How many first-edition copies of Isaac Newton’s ground-breaking book Philosophiae Naturalis Principia Mathematica are still on bookshelves around the world?
Probably more than you think, given it was published in 1687, and certainly more than the last best guess.
A census published in 1953 identified 187 copies, but a new round of detective work puts the number at a “preliminary” 387 with, the researchers suggest, up to 200 more likely still undocumented in public and private collections.
Analysis of ownership marks, margin notes and related letters documents also leads them to suggest that the Principia, once thought to be reserved for a select group of expert mathematicians, was actually more widely read and comprehended.

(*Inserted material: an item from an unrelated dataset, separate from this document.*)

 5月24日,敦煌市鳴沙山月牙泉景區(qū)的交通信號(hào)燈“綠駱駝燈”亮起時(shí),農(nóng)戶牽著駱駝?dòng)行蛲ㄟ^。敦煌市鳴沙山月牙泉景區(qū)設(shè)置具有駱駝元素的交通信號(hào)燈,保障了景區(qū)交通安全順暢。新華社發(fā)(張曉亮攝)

“One of the realisations we’ve had,” says Mordechai Feingold from California Institute of Technology, US, “is that the transmission of the book and its ideas was far quicker and more open than we assumed, and this will have implications on the future work that we and others will be doing on this subject.”
Feingold and former student Andrej Svorenčík, now at Germany’s University of Mannheim, spent more than a decade tracing copies of the book around the world, finding “new” ones in 27 countries.

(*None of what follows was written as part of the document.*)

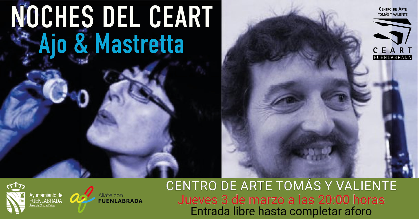 Las noches del CEART en Fuenlabrada proponen una fusión de música y teatro para este jueves, 3 de marzo, de la mano de Ajo & Mastretta.

Their quest, which is described in a paper in the journal Annals of Science, began because Svorenčík was surprised to find that the previous census listed none at all in his native Slovakia, or in neighbouring countries that were then part of the Soviet Bloc.
In the Principia, Newton introduced the laws of motion and universal gravitation, “unifying the terrestrial and celestial worlds under a single law”, as Svorenčík puts it.
“By the 18th century, Newtonian ideas transcended science itself,” adds Feingold. “People in other fields were hoping to find a similar single law to unify their own respective fields.
“The influence of Newton, just like that of Charles Darwin and Albert Einstein, exerted considerable influence on many other aspects of life, and that is what made him such a canonical figure during the 18th century and beyond.”
The pair estimates that at least 600 and possibly as many as 750 copies of the book’s first edition were printed. If you have one, you’re in luck. They can fetch from US$300,000 to 10 times that amount via auction houses or on the black market.